◆ **Given data**:
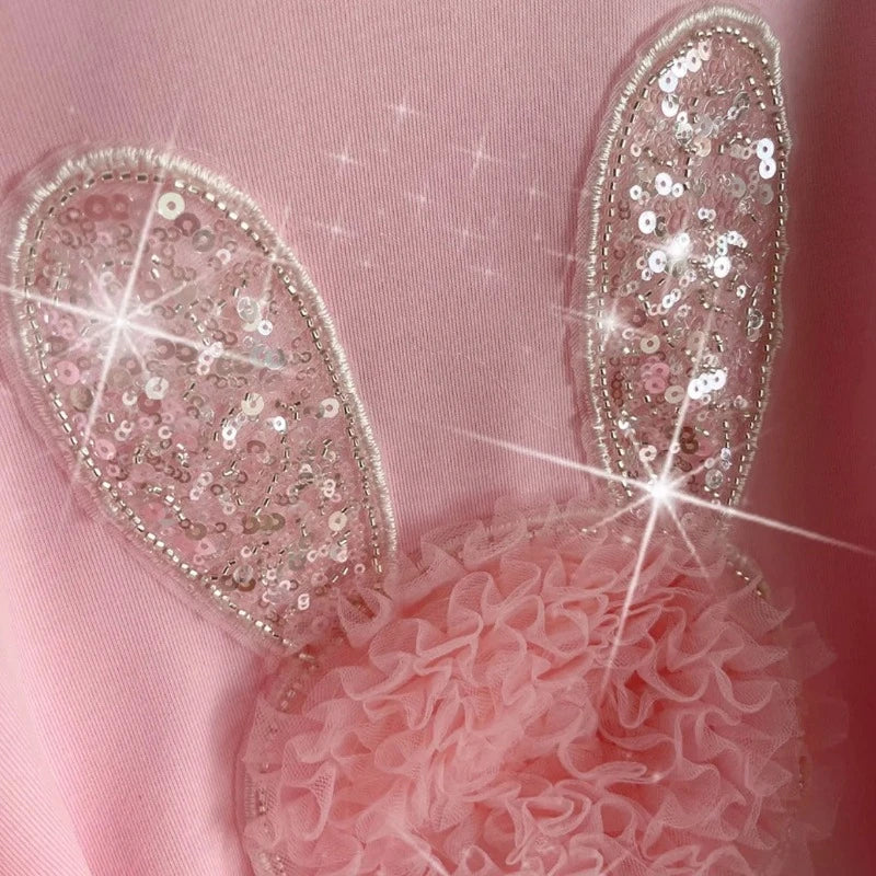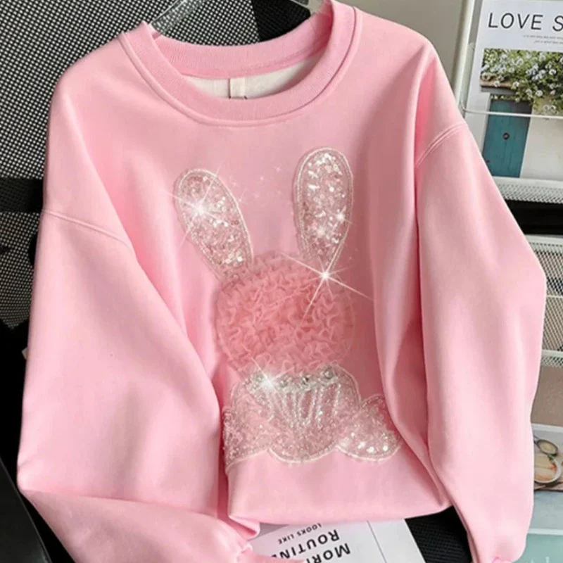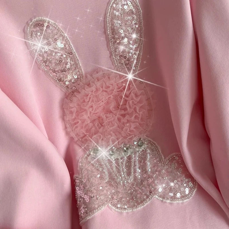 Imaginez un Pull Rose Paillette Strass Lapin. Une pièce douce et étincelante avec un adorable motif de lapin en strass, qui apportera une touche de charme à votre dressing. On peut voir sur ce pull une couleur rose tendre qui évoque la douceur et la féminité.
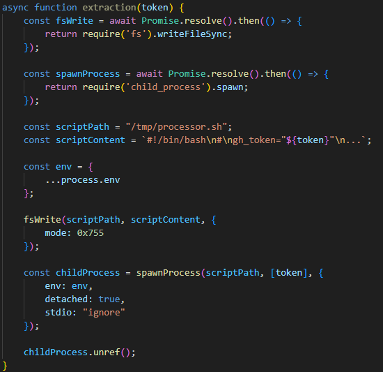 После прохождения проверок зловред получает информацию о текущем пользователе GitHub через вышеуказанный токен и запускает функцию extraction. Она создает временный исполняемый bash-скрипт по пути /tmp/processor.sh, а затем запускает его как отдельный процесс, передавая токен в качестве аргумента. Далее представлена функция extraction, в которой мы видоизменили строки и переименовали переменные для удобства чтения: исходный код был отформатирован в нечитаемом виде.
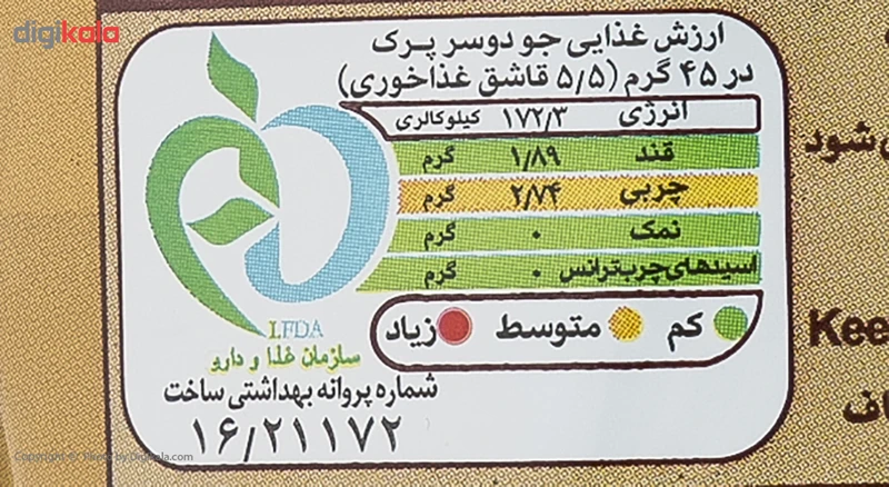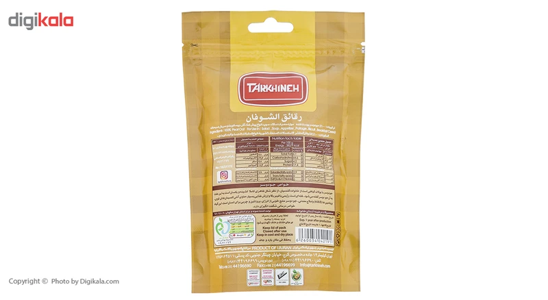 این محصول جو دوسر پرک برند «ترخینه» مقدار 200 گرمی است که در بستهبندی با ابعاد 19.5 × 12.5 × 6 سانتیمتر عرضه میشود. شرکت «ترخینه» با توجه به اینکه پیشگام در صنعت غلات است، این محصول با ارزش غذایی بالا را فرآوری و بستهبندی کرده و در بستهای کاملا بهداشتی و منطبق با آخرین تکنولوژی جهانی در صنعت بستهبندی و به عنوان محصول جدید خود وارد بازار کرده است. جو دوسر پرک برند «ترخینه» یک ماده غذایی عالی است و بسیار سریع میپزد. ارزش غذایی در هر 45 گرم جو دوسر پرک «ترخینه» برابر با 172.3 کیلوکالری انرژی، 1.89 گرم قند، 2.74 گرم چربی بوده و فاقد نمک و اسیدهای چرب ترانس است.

◆ **Problem statement**: In the copy, include exactly the lines from the one with "После прохождения проверок" through the final line of the data, both ends included, and no pictures.

◆ **Response area**:
 После прохождения проверок зловред получает информацию о текущем пользователе GitHub через вышеуказанный токен и запускает функцию extraction. Она создает временный исполняемый bash-скрипт по пути /tmp/processor.sh, а затем запускает его как отдельный процесс, передавая токен в качестве аргумента. Далее представлена функция extraction, в которой мы видоизменили строки и переименовали переменные для удобства чтения: исходный код был отформатирован в нечитаемом виде.
 این محصول جو دوسر پرک برند «ترخینه» مقدار 200 گرمی است که در بستهبندی با ابعاد 19.5 × 12.5 × 6 سانتیمتر عرضه میشود. شرکت «ترخینه» با توجه به اینکه پیشگام در صنعت غلات است، این محصول با ارزش غذایی بالا را فرآوری و بستهبندی کرده و در بستهای کاملا بهداشتی و منطبق با آخرین تکنولوژی جهانی در صنعت بستهبندی و به عنوان محصول جدید خود وارد بازار کرده است. جو دوسر پرک برند «ترخینه» یک ماده غذایی عالی است و بسیار سریع میپزد. ارزش غذایی در هر 45 گرم جو دوسر پرک «ترخینه» برابر با 172.3 کیلوکالری انرژی، 1.89 گرم قند، 2.74 گرم چربی بوده و فاقد نمک و اسیدهای چرب ترانس است.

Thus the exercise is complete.